You have seen what most visitors come to Alberobello to see and you won’t feel cheated if you decide to leave the crowds behind and explore elsewhere in the stunning Valle d’Itria.
But we suggest that you cross over the Largo Martellotta and head up the steps towards Piazza XXVII Maggio and the rione Aia Piccola. The Aia Piccola district is less crowded, its restored trulli - mostly B&B accommodation - with characteristic original stonework intact. If you dig a little deeper you can discover a secret, hidden space offering a more intimate, close-up experience of Alberobello’s heritage.
From Piazza XXVII Maggio head to Via Giuseppe Verdi and enjoy wandering around. If you have time take via Verdi all the way to via Colombo where you will see the splendid Villa Tria. Be sure to walk down Via Galileo Galilei and onto Vico il Duca degli Abruzzi. Keep going to discover some unrestored trulli in their original setting with some wonderful views through the pine trees over the white washed cone topped trulli of the rione Monti. In that moment you will discover, briefly, the Alberobello that inspired Pasolini.
Official guided tours tend to last between 1.5 - 2 hours, and are an informative way of learning about the unique and important history of Alberobello and its trulli.
You can extend your visit to Alberobello by visiting the Basilica Miniore dei Santi Cosma e Damiano on Piazza Curri at the other end of town. Or you might prefer to visit some of the Valle d’Itria’s beautiful towns like Locorotondo (10 minutes away by car), Cisternino, Martina Franca (both 20 minutes), Monopoli (25 minutes - and a really interesting drive) or Ceglie Messapica (35 minutes). Away from the crowds of Alberobello, eating in any one of them is a relaxed and leisurely affair. We particularly enjoy eating in Cisternino, Locorotondo and on the Piazza G. Garibaldi in Monopoli.
We visit Alberobello between 12-15 times a year, so we do have our favourite eats there too. However, try to avoid eating lunch or dinner in the rione Monti; not because the food will necessarily be bad though it will be busy, catering to the crowds and unlikely to be value for money. Especially avoid restaurants where hot dogs and hamburgers headline the menus and the canteen restaurants with vast dining spaces that cater for the organised bus tours.
QuantoBasta Pizza & Desert Piazza XXVII Maggio, 13 is centrally located only minutes from the trulli zone and usually a calm oasis with exquisite and reasonably priced pizza and puccia.
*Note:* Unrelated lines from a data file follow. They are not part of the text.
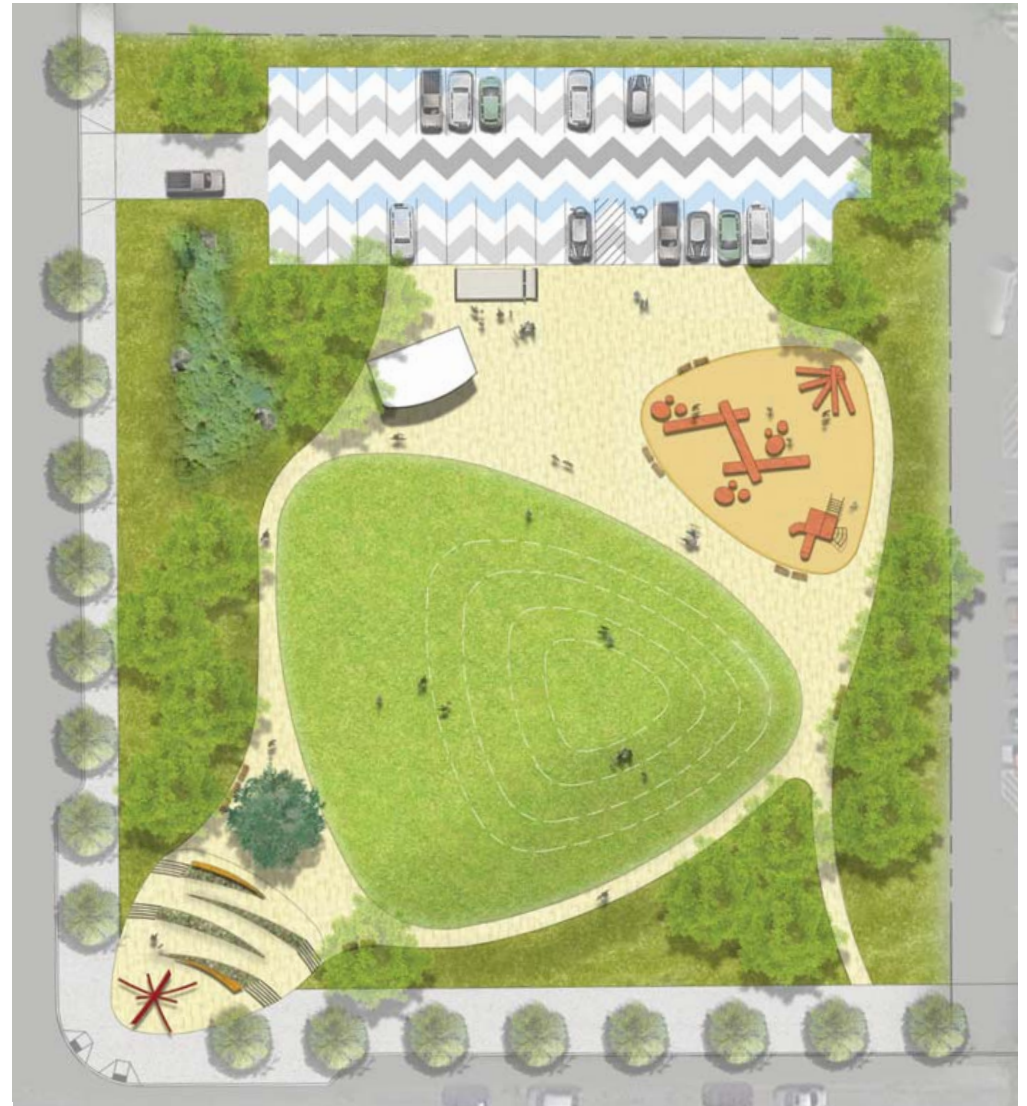
CONCEPTUAL LYNNWOOD TOWN SQUARE PARK PLANS
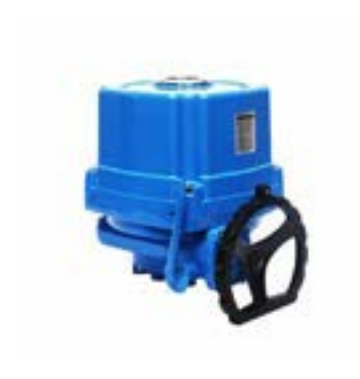
ON/OFF TYPE EOHQ SERIES ACTUATOR
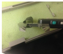
INCORRECT ID TUBING IS STRETCHED

When the tubing is expanded it becomes a lighter color. Black can become grey, red can turn more of a pink color, etc. What this means is that the color as received may not be the final color after it is recovered. This is not a defect, as color is judged on the recovered tubing, not the as received (or fully expanded) tubing. A sample should be cut, fully recovered and allowed to cool to properly evaluate the color.
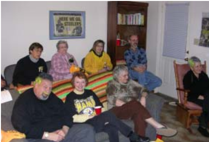
Superbowl fever on Franklin Avenue: Yes, some FAN-atics even colored their hair Steelers' black and gold.
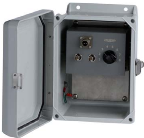
Figure 3: Dual output modular switchbox—DSB1000 series

Continuous monitoring using 4-20 mA signals directly proportional to vibration, scaled for output based on a low pass value and a high pass value can be a valuable tool for preventive maintenance professionals., enabling an alarm or triggering a shutdown should vibration exceed a certain preset level. Dynamic vibration signals enable analysis of machine defects so corrective actions can be taken. By having both signals in one sensor body preventive maintenance professionals can perform analysis after an alarm and potentially save thousands of dollars in downtime.

Evo on Via Papa Giovanni XXIII 1 is a chic osteria taking a step beyond tradition. Try the XXL orecchiette or aubergine (eggplant) dumplings with cinnamon ketchup and gorgonzola dressing or the blood-orange honey-glazed pork bombette. A tasting menu is available.
We never recommend staying in the trulli accommodation in Alberobello. Remember that that trulli are peculiar but not unique to Alberobello. Wonderful examples of beautifully restored trulli can be found all over the Valle d’Itria, often in more authentic settings. For us the “trulli” magical experience is staying in a trullo in the middle of an olive grove elsewhere in the Valle d’Itria. The value and variety beats the B&B experience on offer in Alberobello. But if you are relying on public transport you may not have this option.
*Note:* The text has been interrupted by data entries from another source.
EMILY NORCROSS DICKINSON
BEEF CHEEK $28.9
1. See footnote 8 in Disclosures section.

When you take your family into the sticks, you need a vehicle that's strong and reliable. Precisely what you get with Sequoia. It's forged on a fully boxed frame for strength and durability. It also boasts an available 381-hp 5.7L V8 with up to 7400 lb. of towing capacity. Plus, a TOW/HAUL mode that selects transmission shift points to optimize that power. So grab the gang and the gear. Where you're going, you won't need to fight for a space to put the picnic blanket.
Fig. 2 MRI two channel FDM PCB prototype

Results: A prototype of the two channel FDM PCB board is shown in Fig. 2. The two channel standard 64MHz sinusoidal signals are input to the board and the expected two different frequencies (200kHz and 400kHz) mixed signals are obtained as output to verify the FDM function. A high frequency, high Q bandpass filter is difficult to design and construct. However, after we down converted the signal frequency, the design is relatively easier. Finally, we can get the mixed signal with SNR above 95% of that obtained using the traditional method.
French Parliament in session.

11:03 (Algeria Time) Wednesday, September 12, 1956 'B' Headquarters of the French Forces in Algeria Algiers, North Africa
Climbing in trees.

No trip to Puglia would be complete without a visit to Alberobello, but manage your expectations. When safe and secure travel resumes be prepared for the constant flow of bus tours and the only part of our region where you will feel that tourism is centre stage. 3,154 votes were cast in our Best of Puglia survey 2020 and those who chose to comment on their Alberobello experience tended to choose “unauthentic” to describe their experience in stark contrast to everywhere/anywhere else in Puglia.
All that is offered to inform on whether 3 days in Alberobello is enough (to do justice to Alberobello itself). Apart from exploring elsewhere in the Valle d’Itria, we don’t know what “other” you could do on day 2 and 3 in Alberobello that would be different from day 1. And in our experience there are much better bases to stay than in Alberobello itself.
But one thing that all visitors to Puglia agreed on in our survey was that the Valle d’Itria, the countryside that surrounds Alberobello, is stunningly beautiful.
“If you are looking for UNESCO and World Heritage, if you are looking for authenticity then seek out the back roads between Savelletri, Fasano and Cisternino”.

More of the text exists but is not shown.